Traditional Culture Encyclopedia - Traditional stories - What is the process of data preprocessing?

What is the process of data preprocessing?

The common processes of data preprocessing include: removing unique attributes, processing missing values, attribute coding, data standardization and regularization, feature selection and principal component analysis.

Remove unique attributes

The unique attributes are usually some id attributes, which cannot describe the distribution law of the sample itself. Simply delete these attributes.

Handling missing values

There are three ways to deal with missing values: directly using the features of missing values; Delete the features with missing values (this method is effective when the attributes with missing values contain a large number of missing values but only a few valid values); Missing value completion.

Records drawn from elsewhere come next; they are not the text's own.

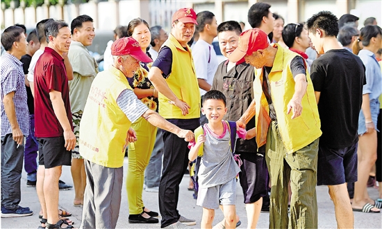 9月4日傍晚,桐廬縣鳳川小學(xué)校門口,由退休黨員組成的“校門爺爺”護(hù)童隊(duì)在義務(wù)護(hù)送小學(xué)生放學(xué)。據(jù)了解,鳳川小學(xué)校門口是一條縣級公路,路況復(fù)雜。一些退休黨員自愿成立“校門爺爺”護(hù)童隊(duì),5年來風(fēng)雨無阻守護(hù)孩子們的安全。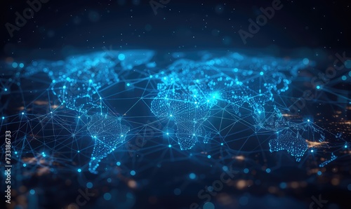 The watermark will not be included on Wall mural.: Abstract design of network technology world map, in the style of motion blur panorama, flat backgrou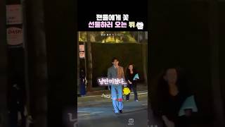 팬들에게 꽃 선물하러 오는 뷔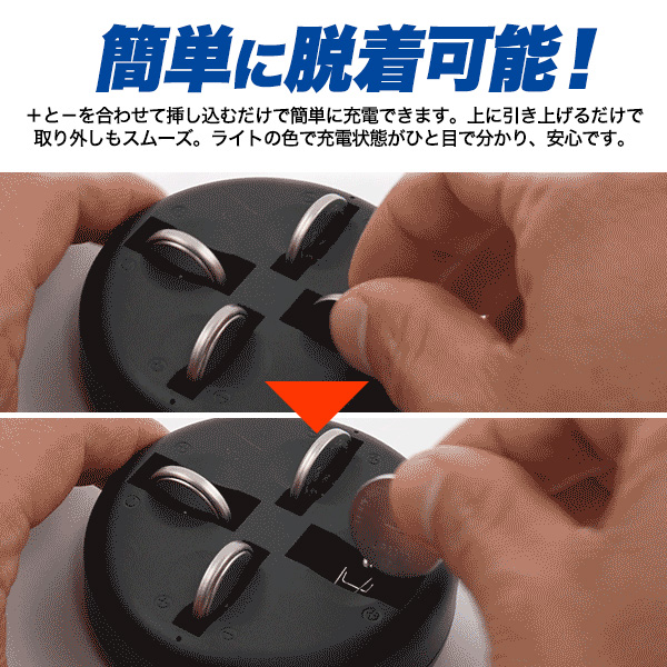 +と-の向きを合わせて挿し込むだけで、簡単に充電できます。 取り外す際は、上方向に軽く引き上げるだけでスムーズに外せます。 また、充電状態はライトの色でひと目で確認できるため、安心してお使いいただけます。

Common missing value completion methods: mean interpolation, homogeneous mean interpolation, modeling and prediction, high-dimensional mapping, multiple interpolation, maximum likelihood estimation, compressive sensing and matrix completion.

(1) average interpolation

If the distance of the sample attribute is measurable, the missing value is interpolated by the average value of the effective value of the attribute;

If the distance of is unmeasurable, the missing value is interpolated using the pattern of the effective value of the attribute. If pattern interpolation is used, what is the effect of data tilt?

(2) Similar mean interpolation

Firstly, the samples are classified, and then the missing values are interpolated by the average value of such samples.

(3) Modeling and forecasting

Taking the missing attribute as the prediction target, the dataset is divided into two categories according to whether it contains the missing value of a specific attribute, and the missing value of the dataset to be predicted is predicted by using the existing machine learning algorithm.

The fundamental defect of this method is that if other attributes have nothing to do with the missing attributes, then the prediction result is meaningless; However, if the prediction result is quite accurate, it means that this missing attribute is not necessary to be included in the data set; Generally speaking, it is somewhere in between.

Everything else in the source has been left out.